Data items
Segment Open
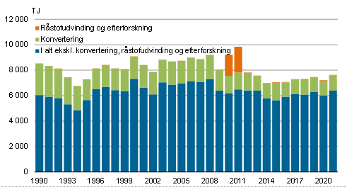 Siden 1990 er det faktiske energiforbrug skiftevis steget og faldet afhængigt af den økonomiske aktivitet i samfundet, kolde og varme år, varierende aktivitet på råstofområdet samt ikke mindst produktionen af elektricitet fra vandkraft, der har fortrængt store mængder gasolie i konverteringssektoren.
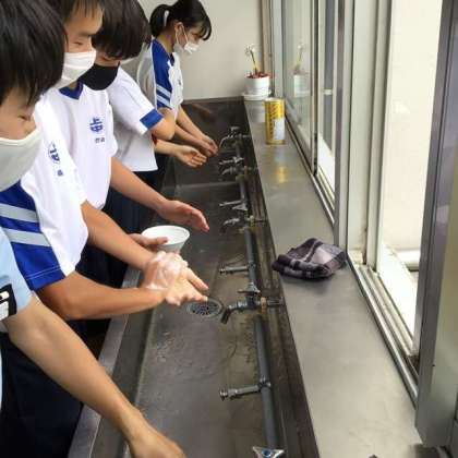 今日は、3年生の給食準備の様子を見に行きました。
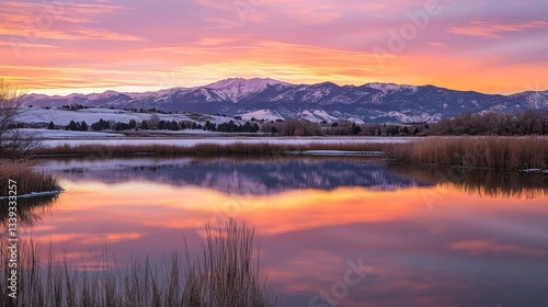 A peaceful lake reflecting the surrounding snow-covered mountains at sunrise.
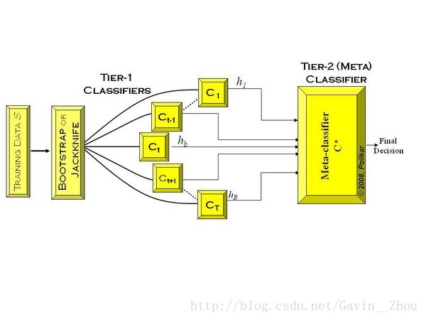 是指训练一个模型用于组合其他各个模型。即首先我们先训练多个不同的模型,然后再以之前训练的各个模型的输出为输入来训练一个模型,以得到一个最终的输出. 将训练好的所有基模型对训练基进行预测,第j个基模型对第i个训练样本的预测值将作为新的训练集中第i个样本的第j个特征值,最后基于新的训练集进行训练。同理,预测的过程也要先经过所有基模型的预测形成新的测试集,最后再对测试集进行预测.
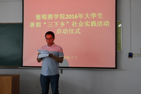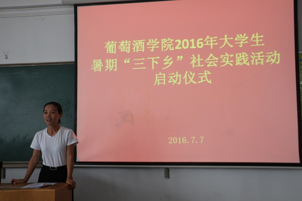 最后,邓亚丽副书记从专业学习需要实践、认识社会需要实践、个人成长需要实践等方面强调了“三下乡”实践锻炼的重要性。邓老师指出,社会实践是接触社会、了解社会的重要途径,是专业学习和实践教育的重要组成部分,作为对实践能力有较高要求的葡萄与葡萄酒工程专业的员工,应抓住一切机会积极投身实践锻炼,通过实践了解社会、认识专业、成长自我。同时,邓老师要求全体团队负责人以此次启动仪式为契机,认真按照“科学谋划、目标管理、信息在线、过程控制”的原则对每支团队的工作任务进行统筹计划,合理分工,确保实践目标的充分实现。邓老师还就暑期实践安全的注意事项进行了特别强调。
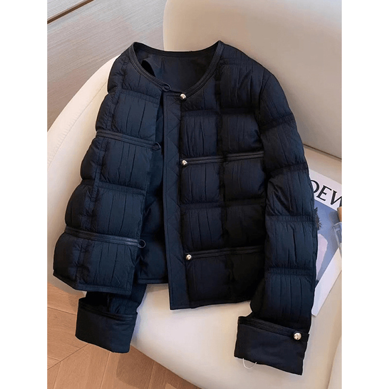 2025 秋冬の新作女性用薄手の綿コート、ラウンドネック、ショートダイヤモンドチェック柄、薄手の綿コート、ルーズジャケット
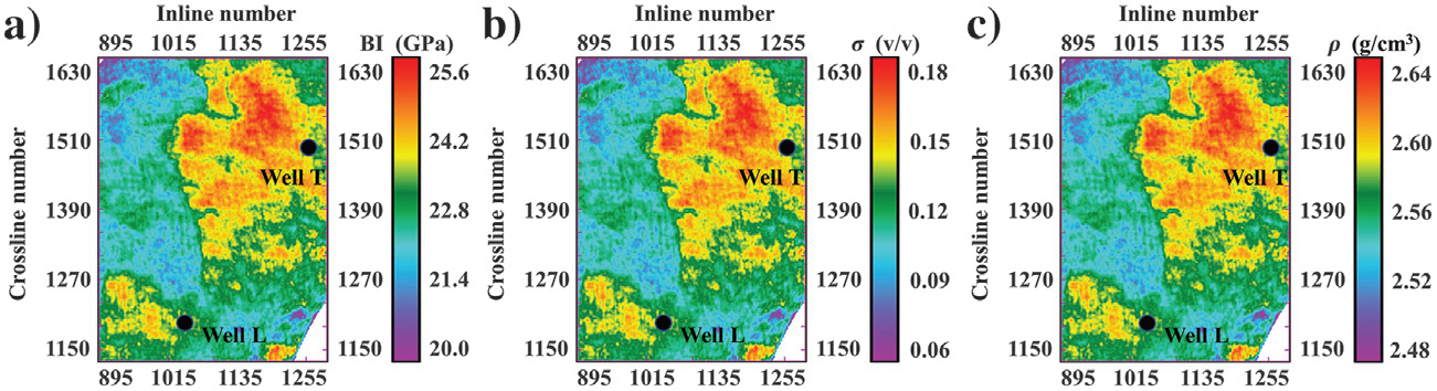 图2 反演结果切片(a)脆性指数切片结果;(b)泊松比切片结果;(c)密度切片结果
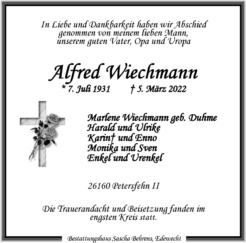 Hier finden Sie alle Traueranzeigen aus der Zeitung, die bisher für Alfred Wiechmann erschienen sind. Weitere Traueranzeigen, die in der Zeitung erscheinen, werden hier ebenfalls aufgelistet
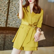ジャケットとショートパンツのパンツスーツ。
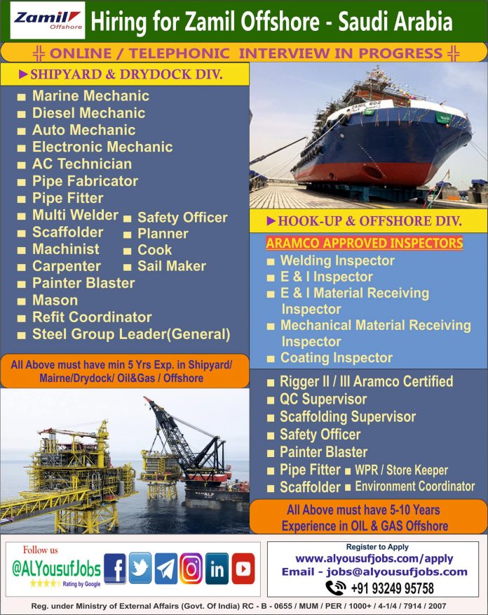 Zamil offshore job vacancy in Saudi Arabia - Large recruitment
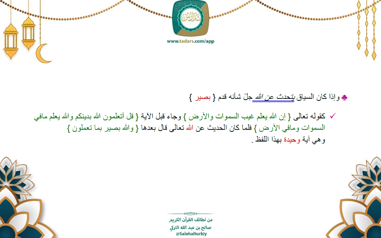 - كقوله تعالى { إن الله يعلم غيب السموات والأرض } وجاء قبل الآية { قل أتعلمون الله بدينكم والله يعلم مافي السموات ومافي الأرض } فلما كان الحديث عن الله تعالى قال بعدها { والله بصير بما تعملون }
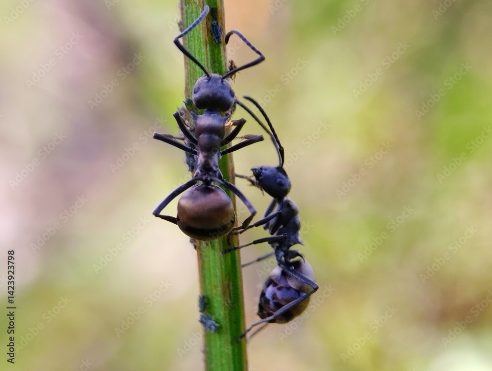 Black ants close up on blurry green background
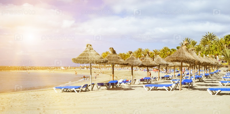 Соломенные зонтики и шезлонги на Плайя де Лас Америкас, Тенерифе
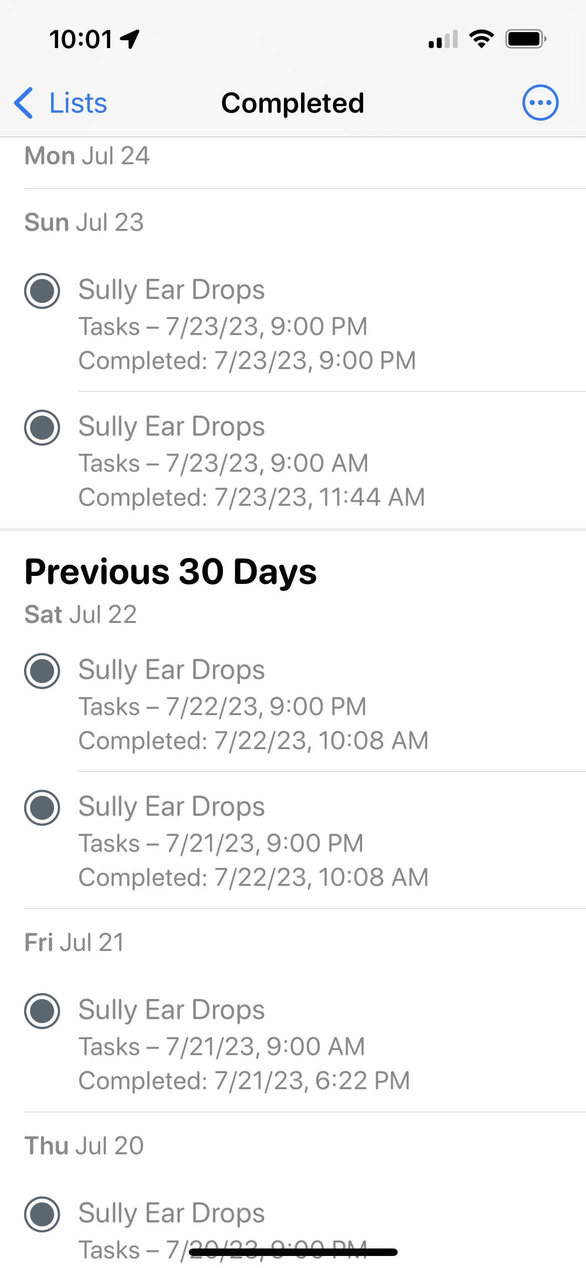 I've set up a reminder on/about 7/12/23 to remind me of something every 12 hours for 10 days. I set the end date to 7/22/23. Yet, it's still giving me reminders, even when I click the radio button that it's complete. A new one just pops up for 12 hours later - and we're well beyond the "end date" of 7/22/23.
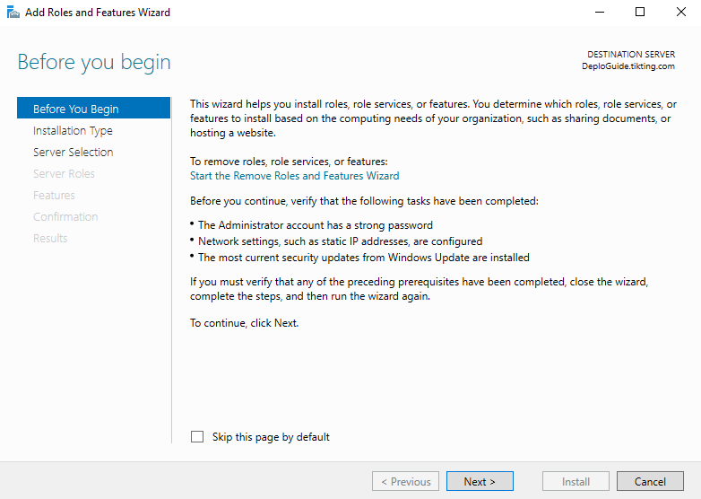 - Choose Role-based or feature-based installation.
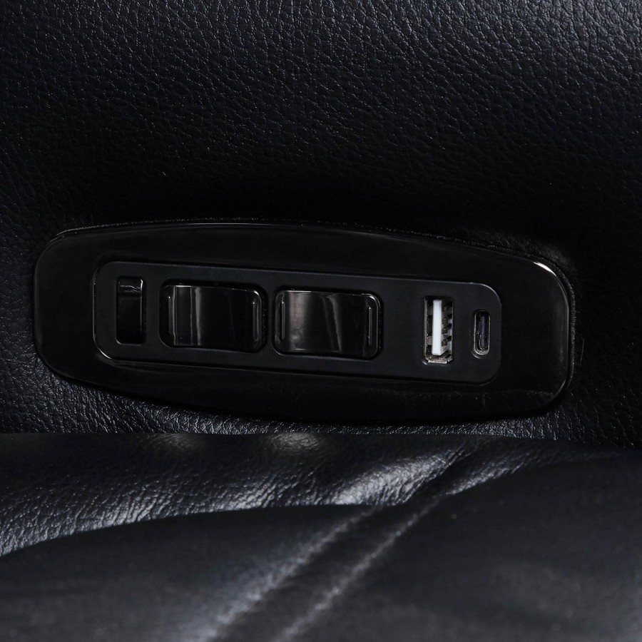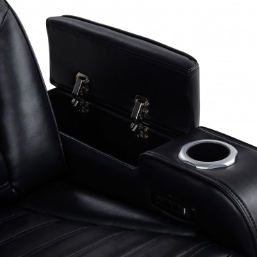 Designed for immersive relaxation, this dual power reclining set combines bold styling with high-tech comfort. Power recline and adjustable power headrests offer personalized positioning, while integrated control panels include USB-A, USB-C, and a home button for effortless use. Blue LED under glow casts a modern glow beneath each piece. With built-in cup holders, storage, and tech-forward features like a Bluetooth speaker and charging console, this set redefines luxury lounging.
Segment Closed
§ **Exercise aim**: In the records above, find the line with "最后,邓亚丽副书记从专业学习". Print exactly from there through the line with "- Choose Role-based", minus the pictures.

§ **Solution for this exercise**:
 最后,邓亚丽副书记从专业学习需要实践、认识社会需要实践、个人成长需要实践等方面强调了“三下乡”实践锻炼的重要性。邓老师指出,社会实践是接触社会、了解社会的重要途径,是专业学习和实践教育的重要组成部分,作为对实践能力有较高要求的葡萄与葡萄酒工程专业的员工,应抓住一切机会积极投身实践锻炼,通过实践了解社会、认识专业、成长自我。同时,邓老师要求全体团队负责人以此次启动仪式为契机,认真按照“科学谋划、目标管理、信息在线、过程控制”的原则对每支团队的工作任务进行统筹计划,合理分工,确保实践目标的充分实现。邓老师还就暑期实践安全的注意事项进行了特别强调。
 2025 秋冬の新作女性用薄手の綿コート、ラウンドネック、ショートダイヤモンドチェック柄、薄手の綿コート、ルーズジャケット
 图2 反演结果切片(a)脆性指数切片结果;(b)泊松比切片结果;(c)密度切片结果
 Hier finden Sie alle Traueranzeigen aus der Zeitung, die bisher für Alfred Wiechmann erschienen sind. Weitere Traueranzeigen, die in der Zeitung erscheinen, werden hier ebenfalls aufgelistet
ジャケットとショートパンツのパンツスーツ。
 Zamil offshore job vacancy in Saudi Arabia - Large recruitment
 - كقوله تعالى { إن الله يعلم غيب السموات والأرض } وجاء قبل الآية { قل أتعلمون الله بدينكم والله يعلم مافي السموات ومافي الأرض } فلما كان الحديث عن الله تعالى قال بعدها { والله بصير بما تعملون }
 Black ants close up on blurry green background
 Соломенные зонтики и шезлонги на Плайя де Лас Америкас, Тенерифе
 I've set up a reminder on/about 7/12/23 to remind me of something every 12 hours for 10 days. I set the end date to 7/22/23. Yet, it's still giving me reminders, even when I click the radio button that it's complete. A new one just pops up for 12 hours later - and we're well beyond the "end date" of 7/22/23.
 - Choose Role-based or feature-based installation.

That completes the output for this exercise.